Both algorithms the function uses are based on cross-correlating the reference signal and the received waveform.

Stage 1: Detection Stage

The detection algorithm uses the principle of a matched filter or cross-correlator to detect the presence and location of a reference signal within a received waveform. In cross-correlation, you slide a reference or given signal across a received signal and calculate the similarity between the signal. If you plot this on a graph, the peaks in the cross-correlated signal indicate potential locations of the reference signal within the received signal at a particular time. The higher the peak the more the similarity between the reference signal and the received signal. Several factors influence the magnitude of the cross-correlation peaks. These factors could be the energy of the reference signal, the energy of the received signal, and the noise level, to name a few. You can normalize or scale the peaks for a more accurate detection of the given signal. Without appropriate scaling, it becomes harder to compare the correlation peaks, which in turn makes the detection more difficult or inaccurate.

Consider this: 

refSignal = 2.3*randn(256,1,'like',1j); % No need to have unit power

% Create the waveform by concatenating zeros, scaled reference signals, 
% and more zeros
waveform = [zeros(12,1);2*refSignal;zeros(45,1);0.2*refSignal];

% Add complex Gaussian noise to the waveform
waveform = waveform + 0.01*randn(size(waveform),'like',1j);

% Perform correlation by filtering the waveform with a flipped and 
% conjugated reference signal
corrResult = filter(conj(flipud(refSignal)),1,
[waveform;zeros(length(refSignal)-1,1)]); 
% Equivalent to xcorr(waveform,refSignal), without padded zeros

% Plot the absolute value of the correlation result
figure(1)
plot(abs(corrResult))

Graph showing the two peaks in a cross-correlated signal. One peak is higher than the other peak.

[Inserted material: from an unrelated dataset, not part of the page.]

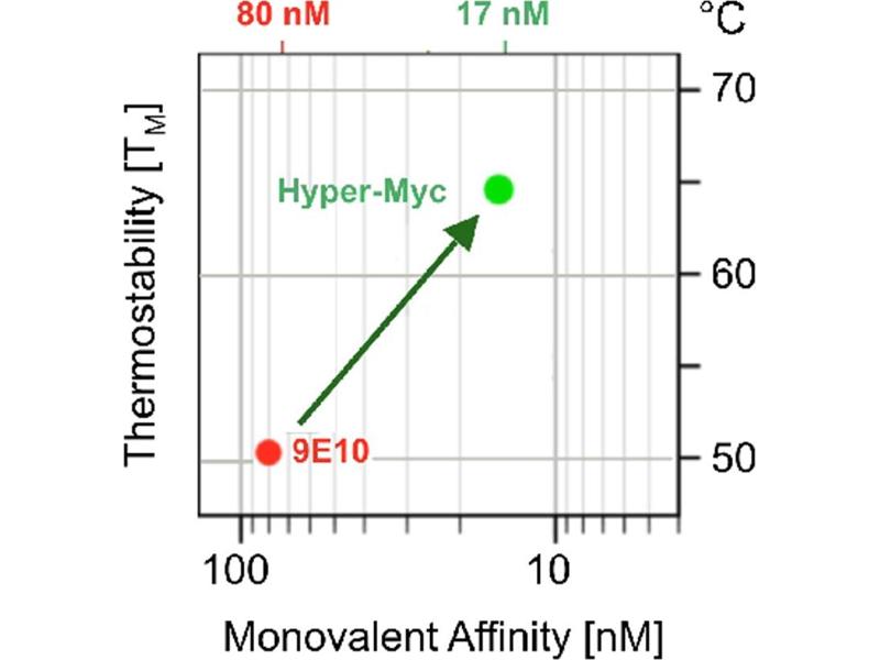 - Synthetic peptide of human c-Myc, aa408-439. The c-Myc or myc-tag is widely used to detect the expression of recombinant proteins in bacteria, yeast, insect and mammalian cell systems. Hyper-Myc is an improved engineered anti c-Myc Tag antibody. It shows a higher affinity and stability in direct comparison to hybridoma antibody 9E10 that shares the same epitope. It is further thoroughly characterized by cross-reactivity profiling on 28895 human epitopes showing higher specificity and increased monovalent affinity.

The peak in graph corresponding to 0.2*refSignal is small compared to the peak corresponding to 2*refSignal. The difference here are the scaling values : 0.2 and 2. You also need to calculate the correlation result appropriately if there are no known scaling values.

To remove the effects of scaling factors 0.2 and 2, you can use the fact that for any column vectors u and v, abs(u'*v)/sqrt((u'*u)*(v'*v)) is always between 0 and 1 In this scenario, u is refSignal and v is a moving slice of waveform. Compute and store the magnitude squared of the waveform using a sliding window. Normalize the correlation magnitude to get two peaks very close to 1.

% Calculate the magnitude squared of the waveform 
using a sliding window
waveformMagSq = filter(ones(size(refSignal)),1,
[real(waveform.*conj(waveform)); zeros(length(refSignal)-1, 1)]);

% Calculate the power of the reference signal
refSigPower = real(refSignal'*refSignal);

% Normalize the correlation magnitude
normCorrMag = abs(corrResult) ./ sqrt(waveformMagSq * refSigPower);

% Create a new figure for plotting
figure(2)

% Plot the normalized correlation magnitude
plot(normCorrMag)

Graph showing the two peaks in a normalized signal. Both peaks are equal.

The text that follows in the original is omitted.